I realized how close I could be to                         the sky

this voice

a turbine engine

the first time he saw me, I was nothing

special. but then I opened my mouth &

he realized how he could dig himself in.

this voice

a troubadour’s dreadlocked sheets

extension of hip, finger,                                last night

the first time I saw myself, I burned envious of

paper—what a blessing to be plain, white, & flat.

then I remembered the value of paper is what

one does with it.

this voice

origami, sloppy love note

bold stroke, last page in your diary

first dollar, where my body                        opens up

this voice

broken high heel

a psalm forgotten, dusty phonograph

a dirty martini, dry

river of mascara, in the closet,

the only thing that’s ever belonged to me

& I still                                                                 give it away.

A Defense Against Madness (Poem)

There will come a day when you come out of this wilderness—

when the howling will mute itself into a faint whisper.

You will emerge, fur pelt on the ground

with skin singed and raw.

You will be human again.

You will be woman, even if not how you meant to be.

Your mother will forgive you

for being an ungrateful runt of a daughter.

Your father will see you as you are,

and still love you the same.

This will be a birth not worth celebrating,

this will be a death not worth mourning.

You will only live,

as you were meant to all these years.

There will come a day when the madness is old and exhausted,

it doesn’t have the thrash or bite like it used to.

It will go down easy,

even if its jaw loosely snaps in protest.

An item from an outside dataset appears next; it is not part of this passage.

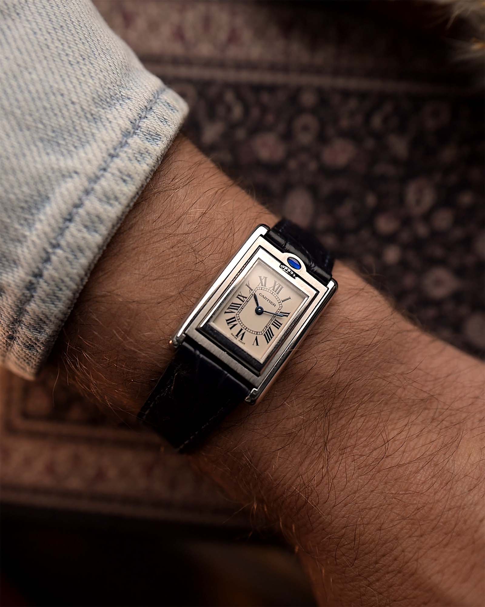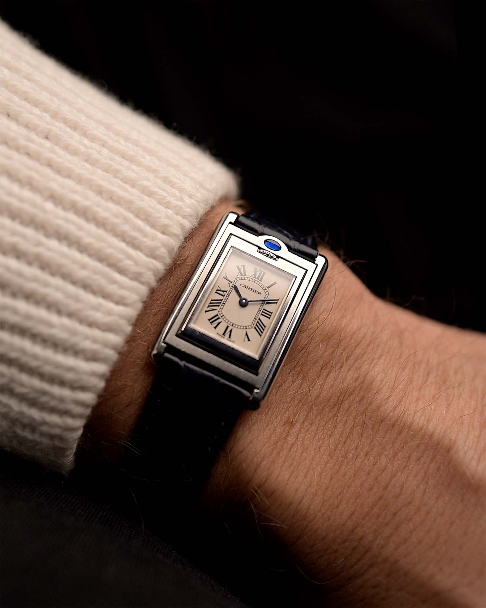 The stainless steel case is slim, balanced, and unmistakably Cartier. Its white dial with blued sword hands and minimalist design speaks to refined taste, while the original blue Cartier leather strap and deployant clasp complete the signature look.

I can promise you, from the hearth of some faith I barely believe in:

you will not be damned and crazy forever.

This hell of having a mind that betrays you ends,

ends and you still have the possibility to live after.

You came into the world with a little death inside you,

a little reckoning of this empty darkness we all try to run from.

This is a gift wrapped in thorns,

this is a blessing baptized in blood.

This is a burden,

but it is not your legacy.

You will come out of this embattled,

but you will come out of this. Period.